▶ **Task directions**
Emit a verbatim copy of the lines below from the line with "В тесто, остывшее" through the line with "卫星照片显示,核试验场的一个", excluding pictures and everything outside that range.

□ □ □ □ □

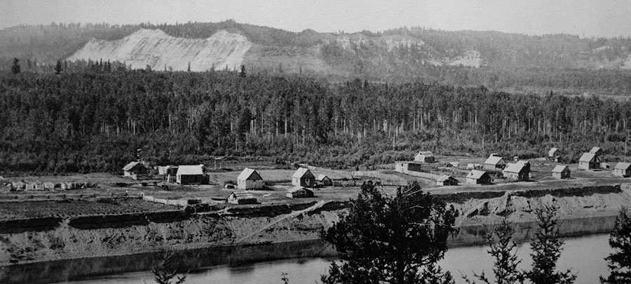1903년, 그랜드 트렁크 퍼시픽 철도(이후 캐나다 국립 철도의 일부)가 모피 무역 기지 근처를 지나갈 것이라는 보고가 나오면서 이 지역의 운명이 바뀌기 시작했다.[9] 1906년에는 HBC 기지 주변에 농업 정착이 시작되었고, 1909년에는 사우스 포트 조지와 포트 조지(때로는 센트럴 포트 조지라고도 함) 두 곳에서 경쟁적인 토지 투기 회사들에 의해 도시 개발이 시작되었다.[9][8] 사우스 포트 조지는 허드슨 베이 회사의 무역 기지에서 가깝고 바로 남쪽에 있는 프레이저 강에 건설되었다.[8] 한편, 그랜드 트렁크 퍼시픽 철도(GTP)는 자체 도시 부지를 확보하려고 노력하면서 프린스 조지가 될 곳의 건설이 여러 해 동안 지연되었다.[9]2. 3. 포트 조지 타운 부지
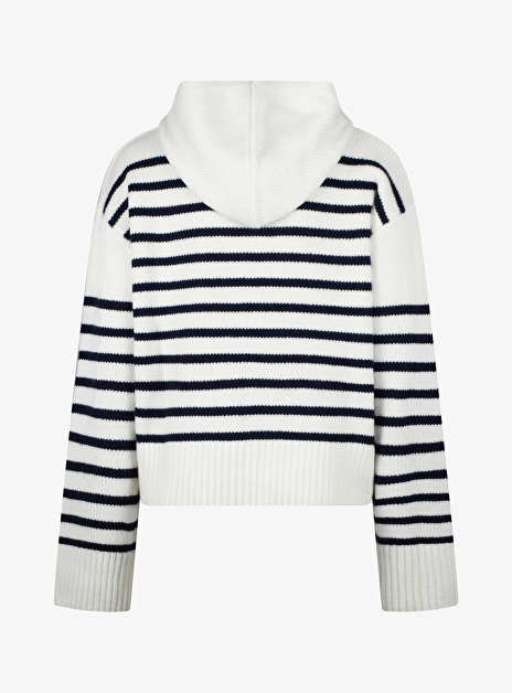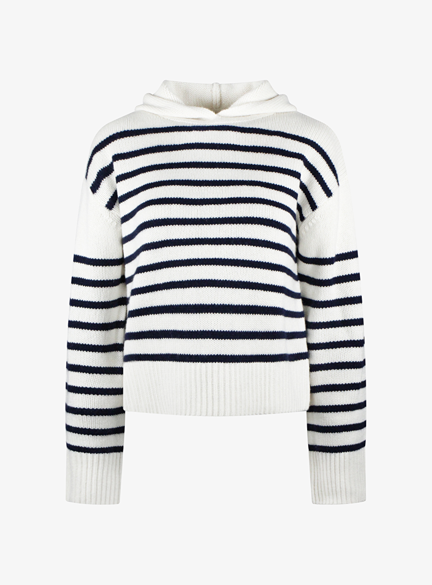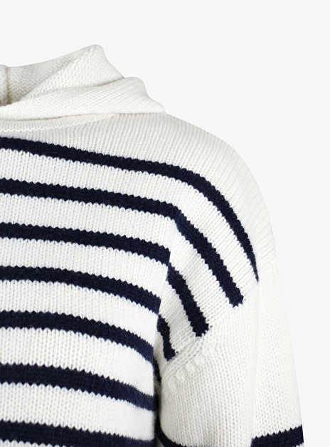 Pull streep offwhite navy met capuchon
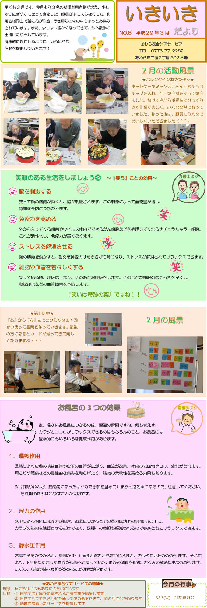 あわら複合ケアサービススタッフ手づくりの月1回発行「いきいきだより」。
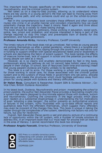 This book is a journey and uncovers many recent research studies that highlight that half the prison population have a reading age below 11 years old, however have been through school and the justice system without their learning difficulties being identified. The book questions a school system that have failed them, along with the likely unfair trials that have taken place, leading many to prison. The use of early plea bargaining to accept a 'guilty plea' mean that many sign away their rights without fully understanding the implications of their choice. This book also highlights that prison breaches equality legislation at an institutional level through many published reports, being highly application form based and does not allow accessibility choices.
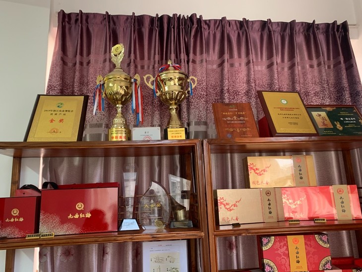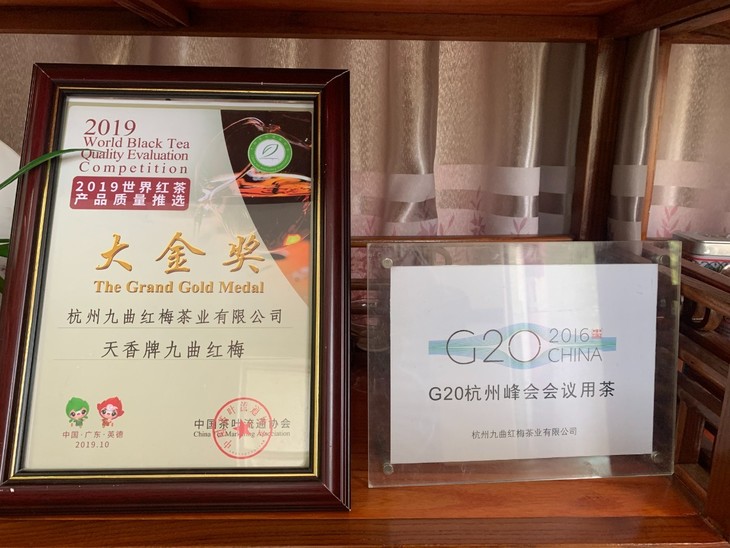 杭州九曲红梅茶业有限公司就在核心产区,走进包兴伟的办公室,第一眼注意到的是挂在墙上各式各样的金色奖牌,记者数了数,有二十多块,有“浙茶杯”金奖、杭州优质红茶金奖、中国茶叶博览会极具发展潜力品牌、G20峰会的会议用茶等,这还只是冰山一角,架子上还有数不清大大小小的奖杯。
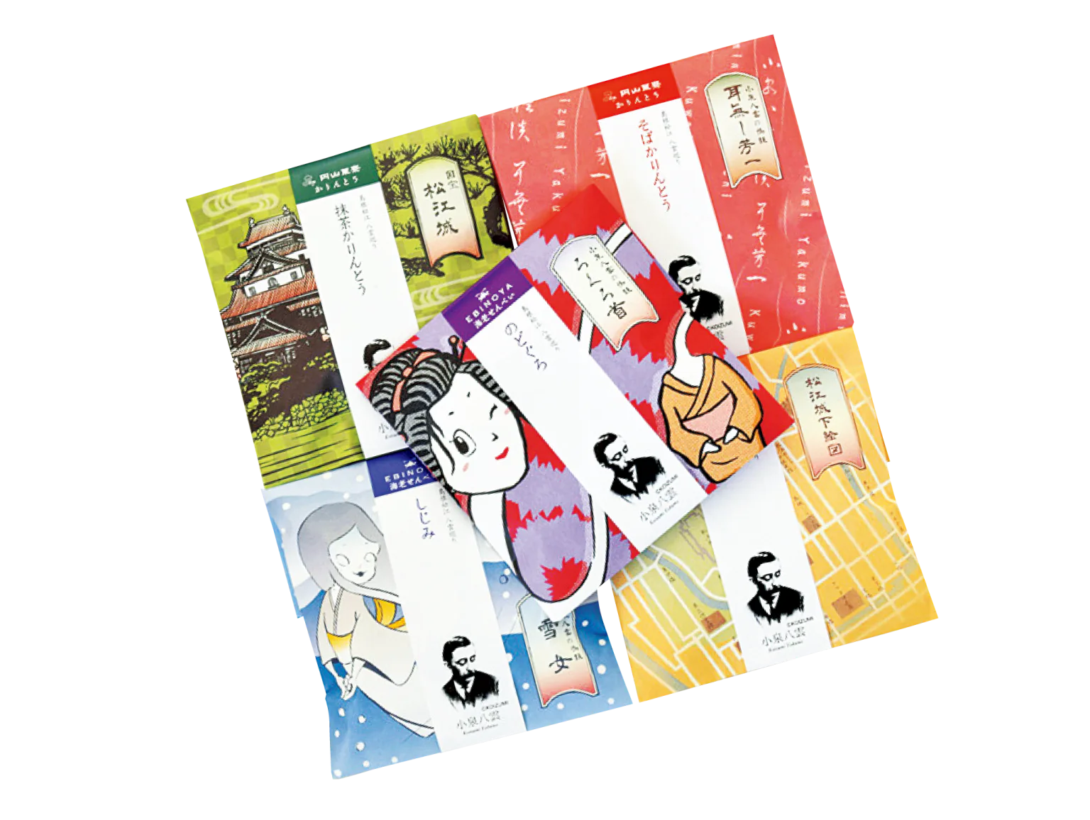 抹茶かりんとう(400円)。のどぐろせんべい(480円)など。小泉八雲の怪談シリーズや国宝松江城、松江城下絵図などが描かれた種類豊富な袋入り
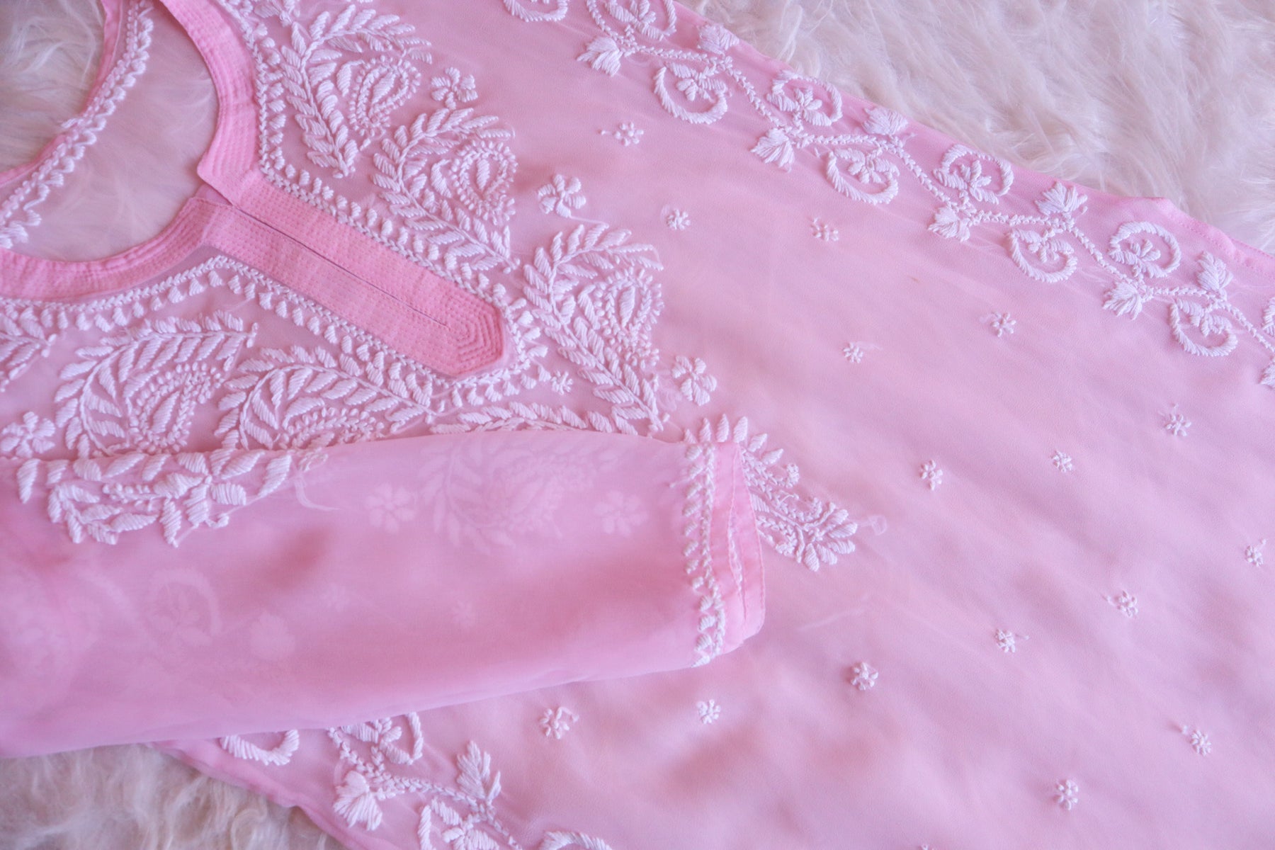Baby Pink long Georgette kurta with White chikankari handwork in Paisley and Floral intricate pattern all over the kurta.
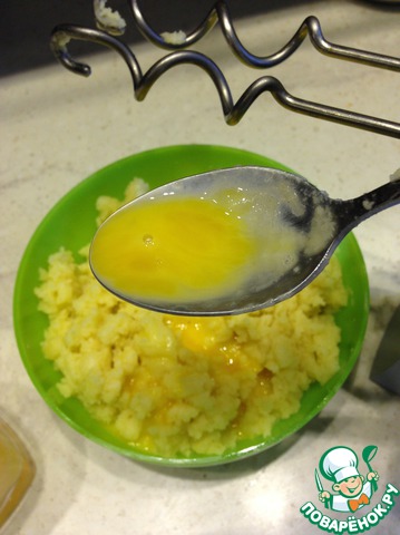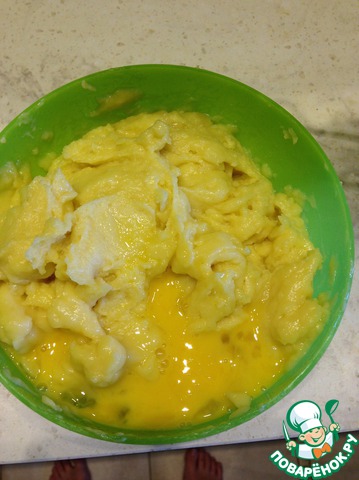 В тесто, остывшее до 60-70 градусов, влить 3-4 столовые ложки яиц (если вливать яйца в горячее тесто, они свернутся). Тщательно перемешать ложкой или специальной насадкой для миксера.
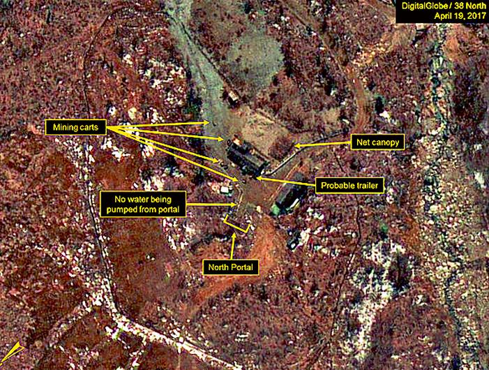 卫星照片显示,核试验场的一个地道洞口,似乎有拖车。阐发人士此前发觉,朝鲜比来从地道抽出很多水,应是为了连结测试设备乾燥。但卫星照片中,朝鲜似乎已遏制从地道里抽水。阐发称,这也许意味着为了进行试验,朝鲜已将地道封了起来。
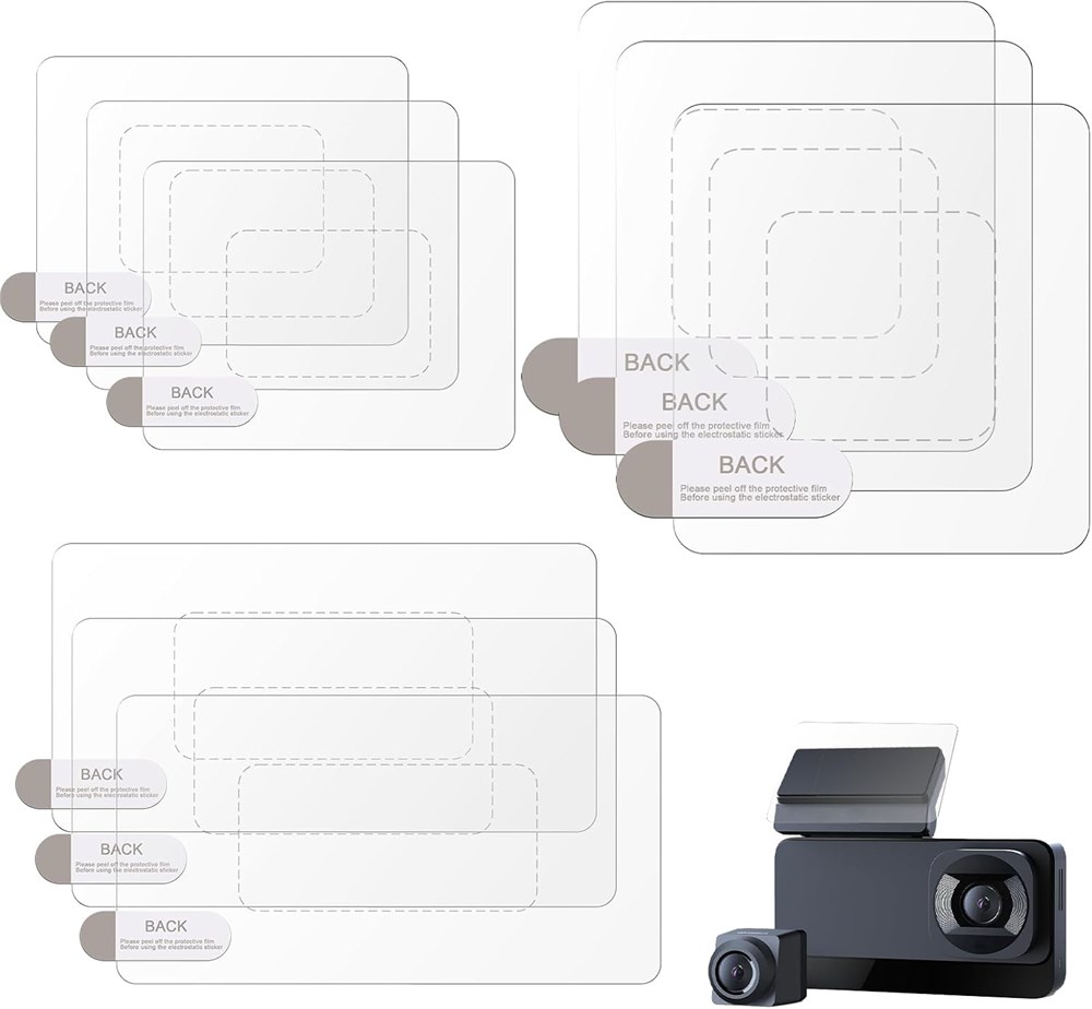 Электростатическая плёнка для крепления видеорегистратора, упаковка из 9 прозрачных статических наклеек на лобовое стекло автомобиля, защитные покрытия без следов, 3 размера, простая установка, многоразовые, не требуют использования клейкой ленты.

□ □ □ □ □

▶ **Your response**
 В тесто, остывшее до 60-70 градусов, влить 3-4 столовые ложки яиц (если вливать яйца в горячее тесто, они свернутся). Тщательно перемешать ложкой или специальной насадкой для миксера.
 卫星照片显示,核试验场的一个地道洞口,似乎有拖车。阐发人士此前发觉,朝鲜比来从地道抽出很多水,应是为了连结测试设备乾燥。但卫星照片中,朝鲜似乎已遏制从地道里抽水。阐发称,这也许意味着为了进行试验,朝鲜已将地道封了起来。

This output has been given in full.